▶ _EXERCISE PROMPT_: The answer is the line containing "Professzionális készlet a" plus every line after it to the end of the material, retyped exactly and without the pictures.
* * *
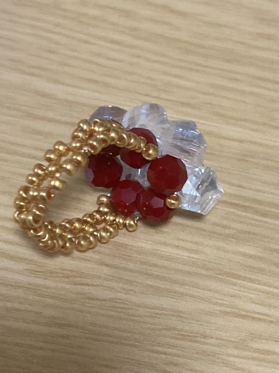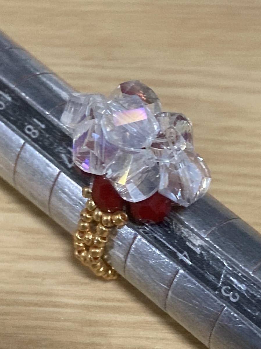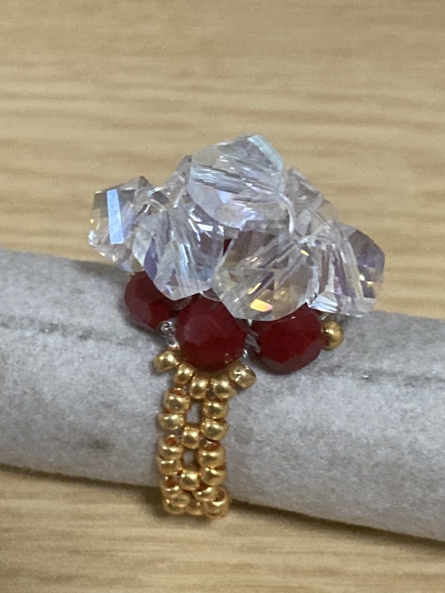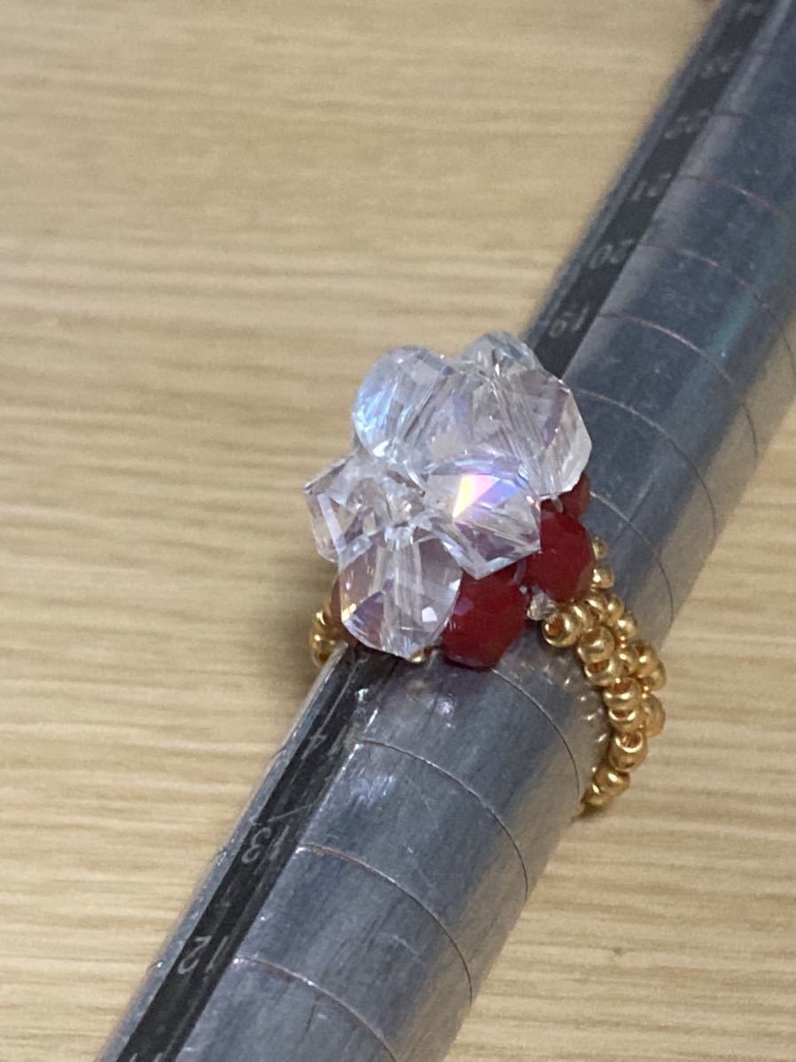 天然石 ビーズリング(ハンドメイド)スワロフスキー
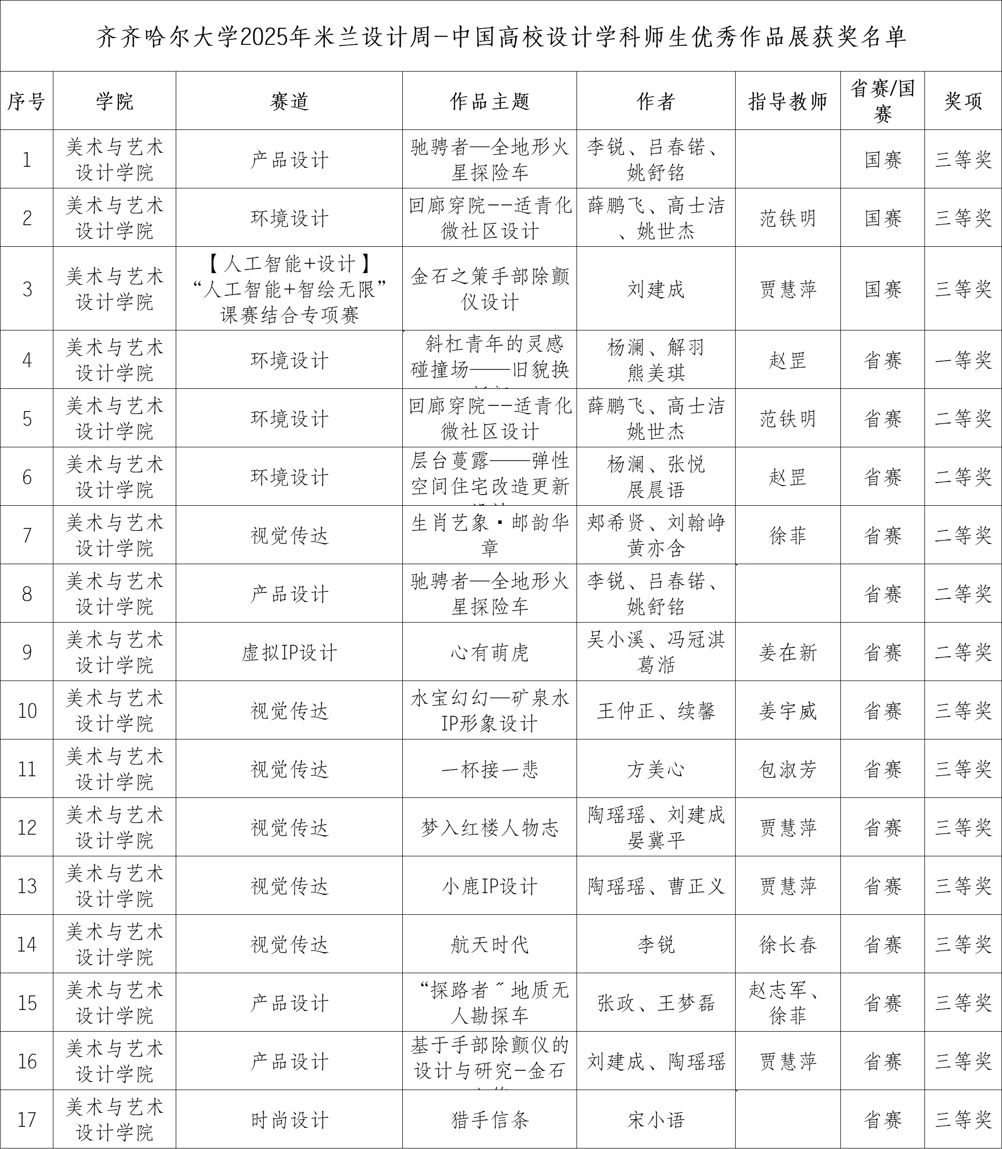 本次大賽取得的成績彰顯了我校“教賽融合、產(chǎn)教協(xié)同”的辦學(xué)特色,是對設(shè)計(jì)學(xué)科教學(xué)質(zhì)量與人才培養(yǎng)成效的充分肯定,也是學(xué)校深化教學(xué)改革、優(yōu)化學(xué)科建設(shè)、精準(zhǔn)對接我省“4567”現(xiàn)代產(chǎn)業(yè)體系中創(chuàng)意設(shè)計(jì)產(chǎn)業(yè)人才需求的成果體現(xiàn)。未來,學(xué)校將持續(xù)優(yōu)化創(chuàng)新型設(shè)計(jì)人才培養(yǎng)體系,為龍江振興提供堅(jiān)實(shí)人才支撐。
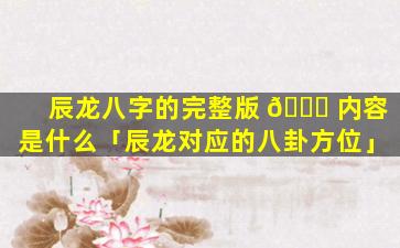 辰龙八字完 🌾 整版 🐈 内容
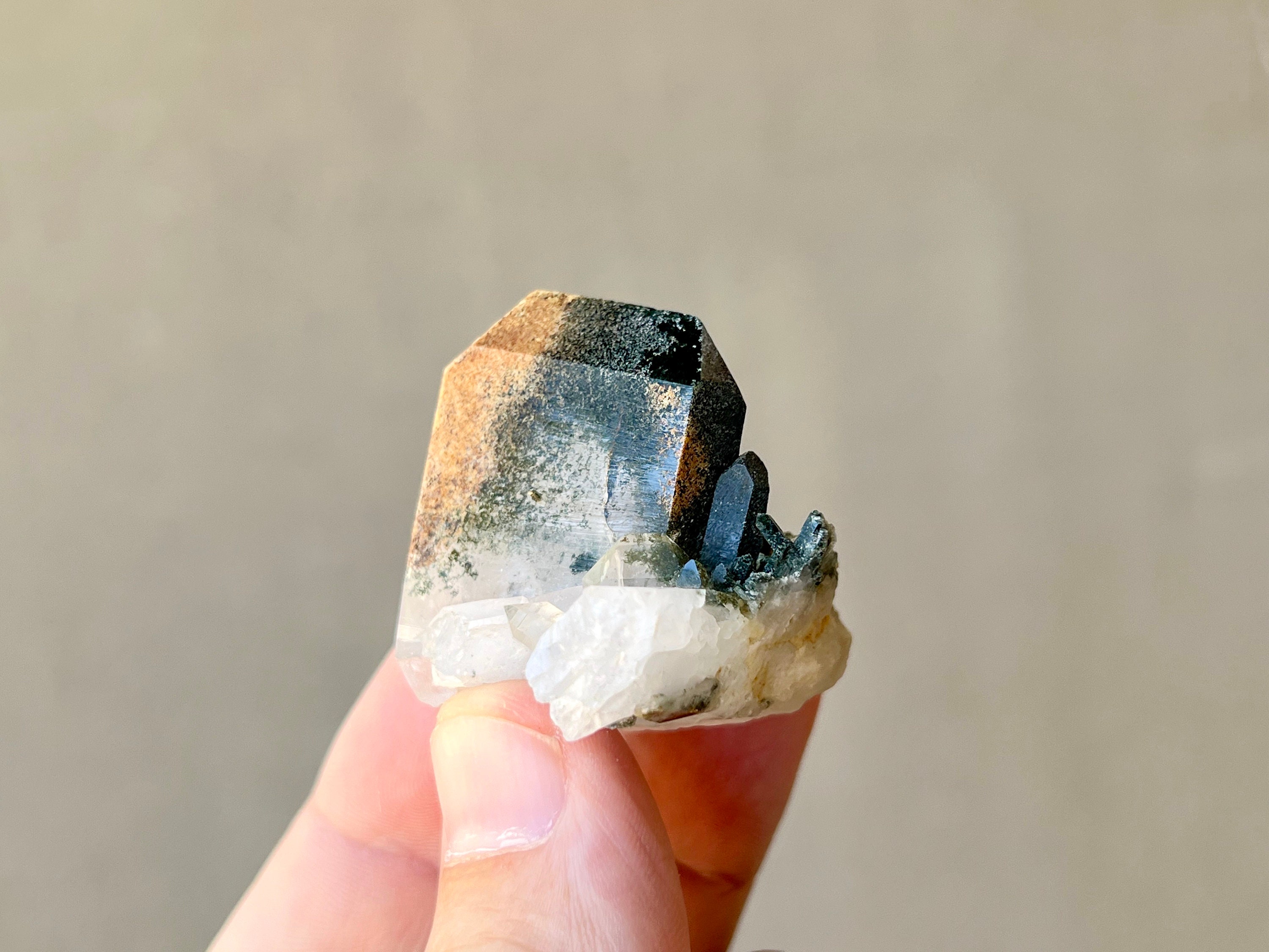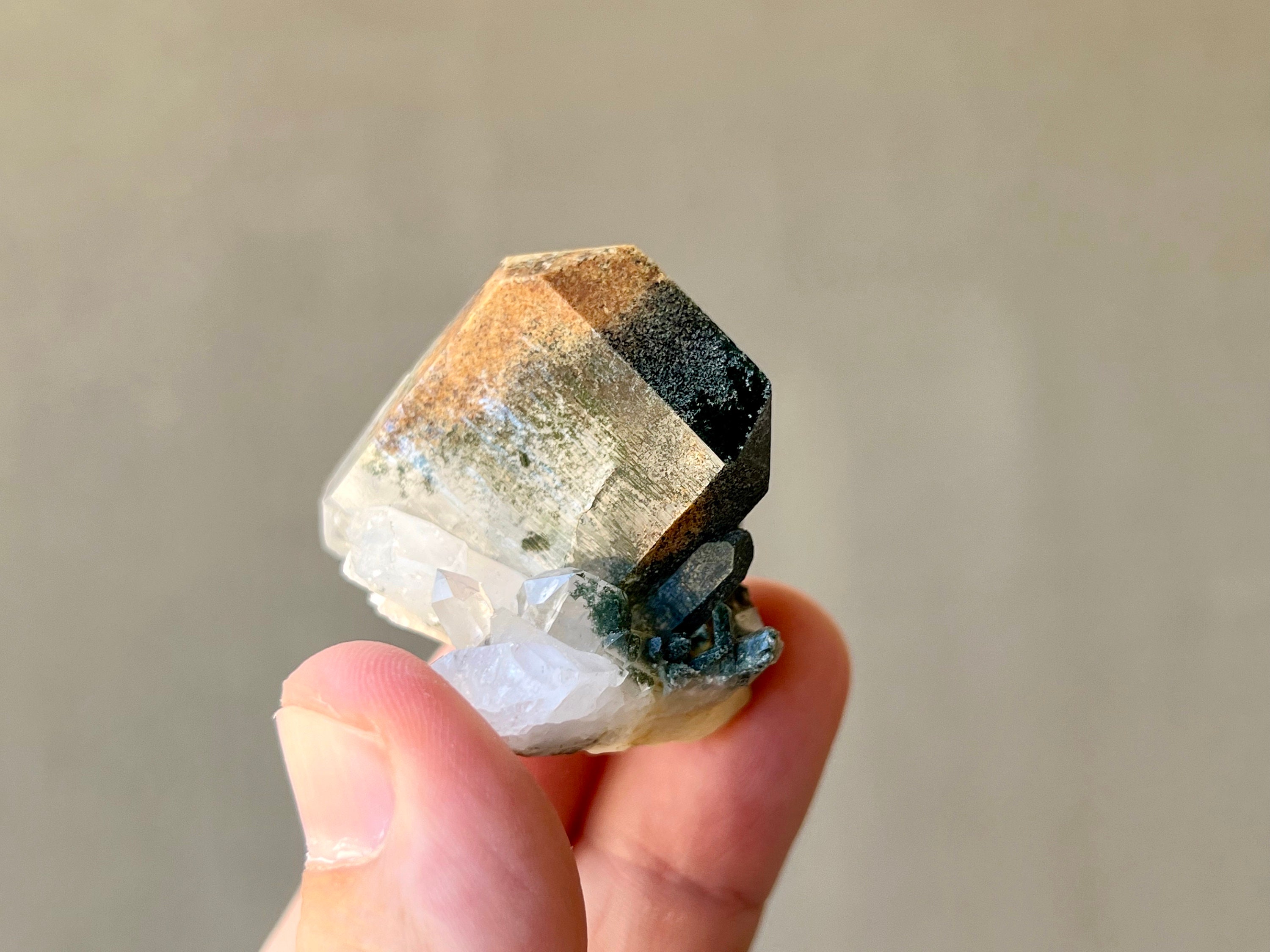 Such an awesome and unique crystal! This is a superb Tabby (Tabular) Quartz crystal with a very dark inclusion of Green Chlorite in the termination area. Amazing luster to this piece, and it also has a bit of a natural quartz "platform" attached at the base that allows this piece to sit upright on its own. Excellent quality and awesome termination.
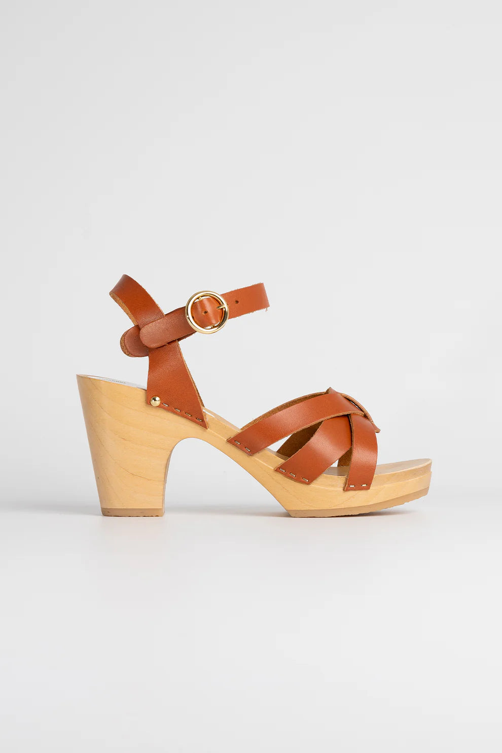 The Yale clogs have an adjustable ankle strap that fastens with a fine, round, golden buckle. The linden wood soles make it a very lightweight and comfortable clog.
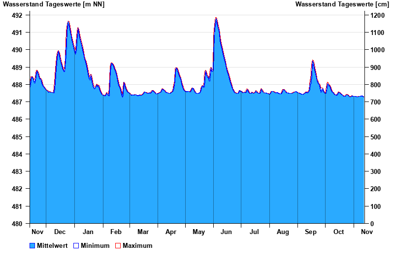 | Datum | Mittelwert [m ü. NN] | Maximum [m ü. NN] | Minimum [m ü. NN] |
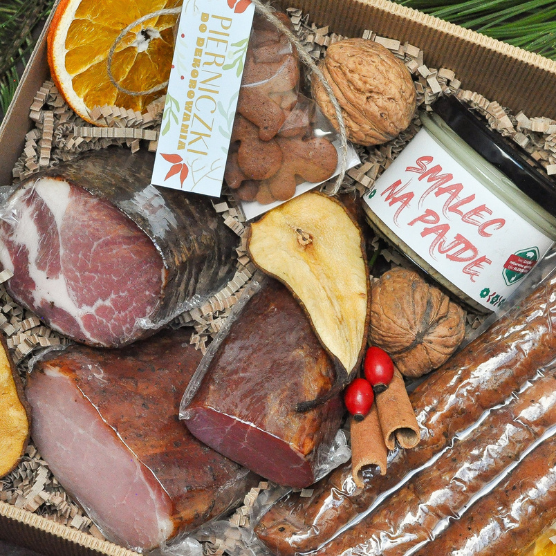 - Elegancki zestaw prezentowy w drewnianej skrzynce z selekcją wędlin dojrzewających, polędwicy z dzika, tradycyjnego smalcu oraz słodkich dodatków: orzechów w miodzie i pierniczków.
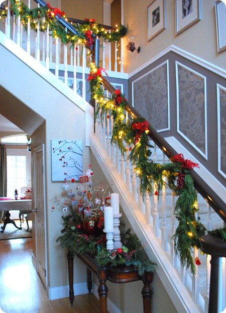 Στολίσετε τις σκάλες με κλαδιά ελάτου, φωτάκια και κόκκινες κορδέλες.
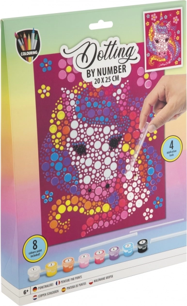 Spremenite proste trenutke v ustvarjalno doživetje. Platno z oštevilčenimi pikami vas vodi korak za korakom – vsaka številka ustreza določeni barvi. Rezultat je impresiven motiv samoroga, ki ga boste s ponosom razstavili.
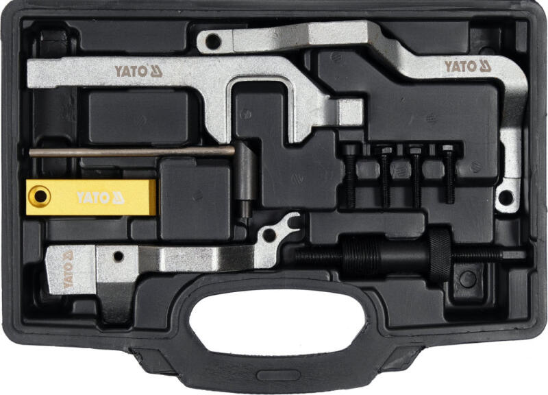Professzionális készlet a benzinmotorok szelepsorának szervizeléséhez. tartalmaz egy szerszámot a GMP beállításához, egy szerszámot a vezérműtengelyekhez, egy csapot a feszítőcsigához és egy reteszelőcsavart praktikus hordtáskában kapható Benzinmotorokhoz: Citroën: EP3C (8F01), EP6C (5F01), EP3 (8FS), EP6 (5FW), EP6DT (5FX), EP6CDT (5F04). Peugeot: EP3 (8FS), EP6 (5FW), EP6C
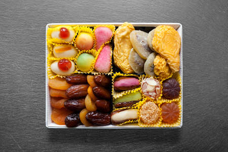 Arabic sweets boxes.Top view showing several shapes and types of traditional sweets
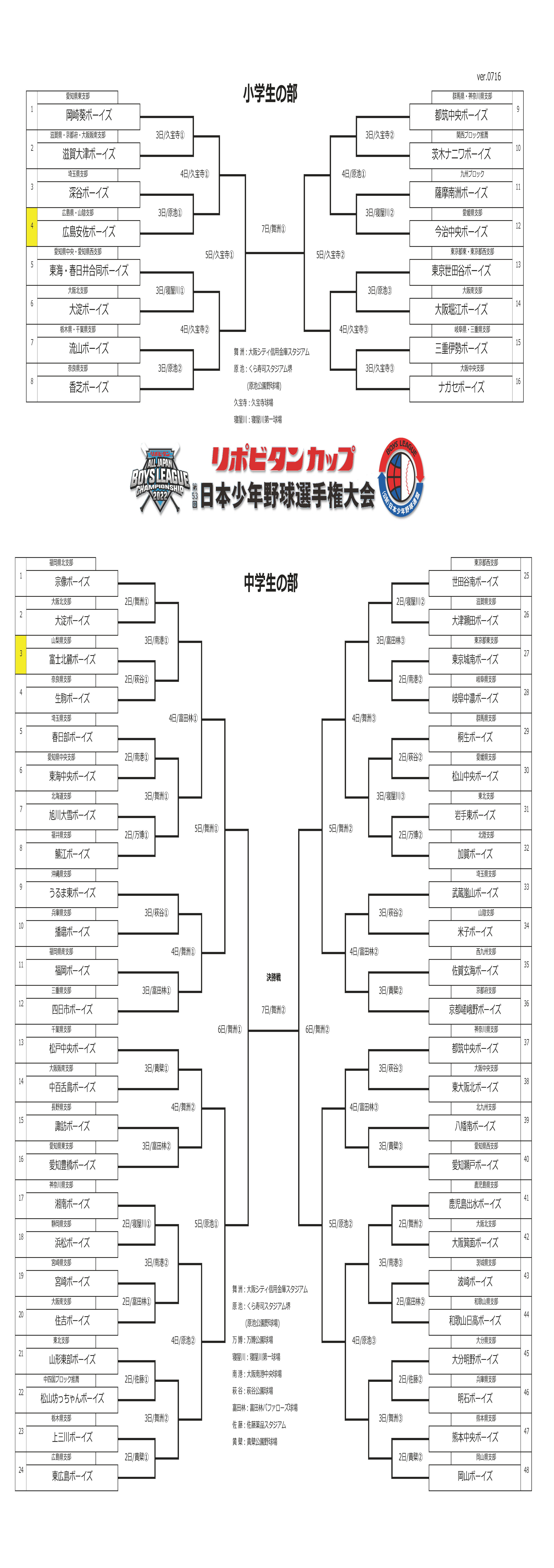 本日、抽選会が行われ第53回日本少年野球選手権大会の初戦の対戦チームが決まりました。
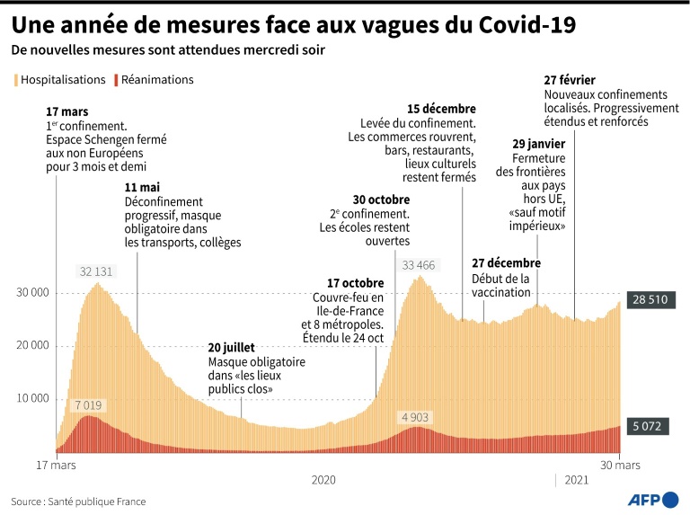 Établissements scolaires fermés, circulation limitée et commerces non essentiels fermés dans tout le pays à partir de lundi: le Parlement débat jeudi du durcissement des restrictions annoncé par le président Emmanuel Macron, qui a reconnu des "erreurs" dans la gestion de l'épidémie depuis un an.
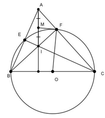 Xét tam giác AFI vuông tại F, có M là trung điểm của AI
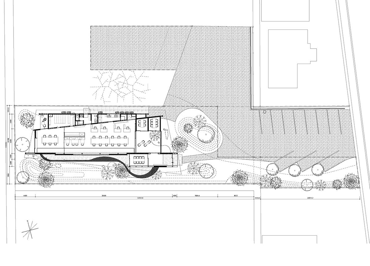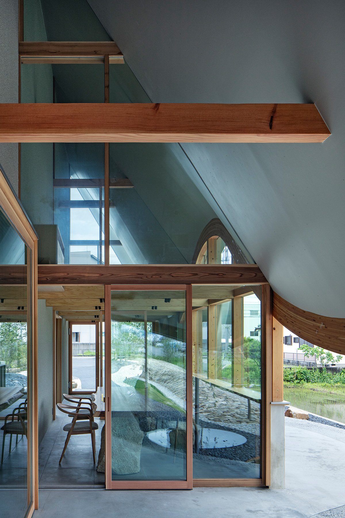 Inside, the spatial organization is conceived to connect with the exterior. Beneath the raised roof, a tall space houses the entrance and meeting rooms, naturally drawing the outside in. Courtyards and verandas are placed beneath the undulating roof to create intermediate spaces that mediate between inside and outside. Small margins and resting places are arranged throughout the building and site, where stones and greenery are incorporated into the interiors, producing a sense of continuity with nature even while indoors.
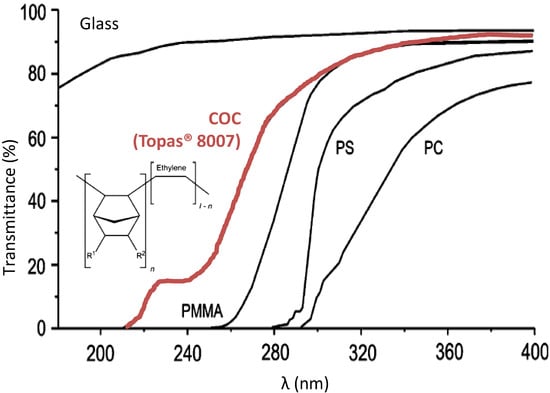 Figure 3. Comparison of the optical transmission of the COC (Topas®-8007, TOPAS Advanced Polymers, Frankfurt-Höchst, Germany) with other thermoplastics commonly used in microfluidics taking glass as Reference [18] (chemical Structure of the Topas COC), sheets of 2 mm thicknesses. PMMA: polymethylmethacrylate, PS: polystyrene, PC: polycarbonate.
* * *
▶ _ANSWER TO THE PROBLEM_:
Professzionális készlet a benzinmotorok szelepsorának szervizeléséhez. tartalmaz egy szerszámot a GMP beállításához, egy szerszámot a vezérműtengelyekhez, egy csapot a feszítőcsigához és egy reteszelőcsavart praktikus hordtáskában kapható Benzinmotorokhoz: Citroën: EP3C (8F01), EP6C (5F01), EP3 (8FS), EP6 (5FW), EP6DT (5FX), EP6CDT (5F04). Peugeot: EP3 (8FS), EP6 (5FW), EP6C
 Arabic sweets boxes.Top view showing several shapes and types of traditional sweets
 本日、抽選会が行われ第53回日本少年野球選手権大会の初戦の対戦チームが決まりました。
 Établissements scolaires fermés, circulation limitée et commerces non essentiels fermés dans tout le pays à partir de lundi: le Parlement débat jeudi du durcissement des restrictions annoncé par le président Emmanuel Macron, qui a reconnu des "erreurs" dans la gestion de l'épidémie depuis un an.
 Xét tam giác AFI vuông tại F, có M là trung điểm của AI
 Inside, the spatial organization is conceived to connect with the exterior. Beneath the raised roof, a tall space houses the entrance and meeting rooms, naturally drawing the outside in. Courtyards and verandas are placed beneath the undulating roof to create intermediate spaces that mediate between inside and outside. Small margins and resting places are arranged throughout the building and site, where stones and greenery are incorporated into the interiors, producing a sense of continuity with nature even while indoors.
 Figure 3. Comparison of the optical transmission of the COC (Topas®-8007, TOPAS Advanced Polymers, Frankfurt-Höchst, Germany) with other thermoplastics commonly used in microfluidics taking glass as Reference [18] (chemical Structure of the Topas COC), sheets of 2 mm thicknesses. PMMA: polymethylmethacrylate, PS: polystyrene, PC: polycarbonate.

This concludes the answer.